Zero Hour on Plastic Pollution
….One Trillion Pounds a Year puts us Closer to a Crisis.
You may remember that we talked only a month ago about a United Nations Environment Program (UNEP) report on a study of 13,000 known chemicals associated with plastics and their production. Of those, at least 3,200 have one or more hazardous properties of concern, and ten groups of these chemicals are of major concern, such as PFAS and phthalates. Of particular toxicity are a wide range of chemicals in plastics with endocrine-disrupting properties, which short-circuit the hormone system even in very low doses, leading to obesity, cancer, and other diseases.
“There are these costs that are going to manifest in human health, in environmental destruction, in marine litter pollution,” says Steven Stone, deputy director of the Industry and Economy Division at the UNEP and a lead author of the report. “Those are costs that fall on everyone. But the consumer of plastic doesn’t pay for it, and neither does the producer. So that’s a massive market failure.”
That’s a lot of bad news to absorb. Probably not the best choice of words, too, when it comes to plastic and human absorption. Then last week, the UNEP dropped another urgent report on the extraordinary environmental and human costs of plastic pollution, along with a road map for the world to take action towards eliminating these dangerous chemicals altogether.
With several strategies working in tandem—like production cuts and more reuse of plastic products—the report suggests that the world might reduce plastic pollution 80 percent by 2040. The road map lands just weeks ahead of the second round of negotiations for an international treaty on plastics, which scientists and antipollution groups hope results in a significant cap on production.
Stone says the report emphasizes the devastating price of our addiction to plastic, “particularly when it comes to human health costs of plastics—so endocrine disruption, cognitive impairments, and cancers. Take those along with the cleanup costs of plastic pollution, you get in the range of $300 billion to $600 billion a year. This report is a message of hope—we are not doomed to incurring all of these costs.” In fact, Stone and the report notes, with action on plastic pollution, we might avoid $4.5 trillion in costs by 2040.
Plastic is, at the end of the day, a highly toxic material that’s become a necessity, we think, in our daily lives. The goal above all others should be to stop manufacturing so much of the stuff, so the new road map calls for eliminating unnecessary plastics, like the single-use variety we’ve talked about here frequently. The challenge is that plastic remains absurdly cheap to produce- its many external costs be damned.
“This road map is headed in the right direction but must go much further to curb new plastics production,” says Dianna Cohen, CEO and cofounder of Plastic Pollution Coalition. “We are glad to see an emphasis on reduction and reuse, which are key elements of solutions to plastic pollution, as these actions can most rapidly help us diminish plastic production. Missing in the report is requiring industrial/corporate entities that produce material items to stop making more toxic fossil-fuel plastic, full stop.”
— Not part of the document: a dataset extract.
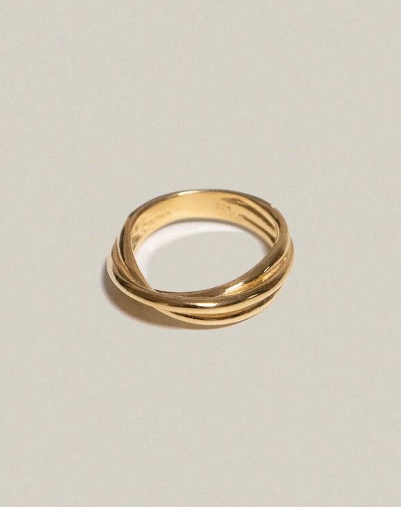 불규칙하게 엉켜있는 형태의 링입니다. 두개 이상의 링을 겹쳐서 착용하면 더욱 볼드한 느낌으로 연출 하실 수 있습니다.
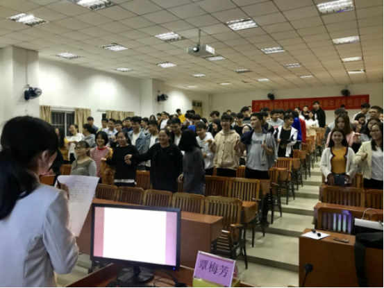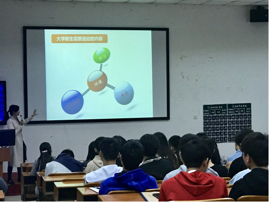 为提高学生的心理健康水平,促进新生加快适应大学生活,社科部举办2018级新生适应性活动。11月26日晚特别邀请广西财经学院心理中心覃梅芳老师到长岗校区进行专题讲座,为2018级新生答疑解惑。覃老师是国家二级心理咨询师,国家中级素质拓展师,有丰富的心理咨询经验。开场的暖身小游戏,让现场气氛立刻活跃起来。随后覃老师从网络热议的"大学遗憾清单"说起,分别就自然环境的适应、人际关系的适应、学习的适应、心理落差的适应、现实的适应五大方面作出详细阐述,鼓励大家主动适应,并提出了许多有效建议。覃老师指出,要积极利用身边资源和网络资源,选课与参与社团选我所爱,爱我所选。善于利用微笑、赞美、倾听、换位思考和乐于助人五件法宝打造和谐的人际关系。

We know the dangers, but have you ever wondered just how plastics get into our bodies in the first place? In a new study published in the journal Science of the Total Environment, researchers explore how microplastics enter our blood at the molecular level. For this research, scientists focused on polystyrene plastics, which are most often used in food packaging, and nanotubes used in sporting goods, coatings, and electronics.
They found that microplastics are likely to enter the human body via diet and inhalation before being engulfed by (deep breath for the technical stuff here) macrophages, a white blood cell that surrounds and kills foreign materials as part of your body's immune response. A receptor found on macrophages known as TIM4 binds to microplastics in an effort to break them down.
This is the first time we've looked at this process at a molecular level. But we already know that nanoplastics (micros even smaller brother) may be able to penetrate cell membranes in the gut and make their way to other organs, says Michael Kleinman, a professor of environmental toxicology at the University of California Irvine. Both micro- and nanoplastics are hard to remove from both air and water simply because of their diminutive size.
"There is evidence from animal and cell culture studies that NP (nanoplastics) exposures are pro-inflammatory and can induce oxidative stress," says Kleinman. "When they occur in humans, these changes could be associated with lung and heart diseases, but definitive human studies are just lacking at this time."
Kleinman says that we still don't know enough about how many nanoplastics are distributed in our environment and how much they build up in our bodies. If they are already broken down in our air, water or soil, avoiding them becomes next to impossible. If you’ve read our previous discussions here, you already know you can reduce plastic exposure by buying produce and foods not wrapped in plastics, choosing glass containers instead of plastic, bringing your own bags, steer clear of single-use plastic water bottles- but the bad news is it's hard to know our full exposure. Sadly, what this new emergency report drives home is that microplastics are a societal and global problem- one that can't just be solved at home for now.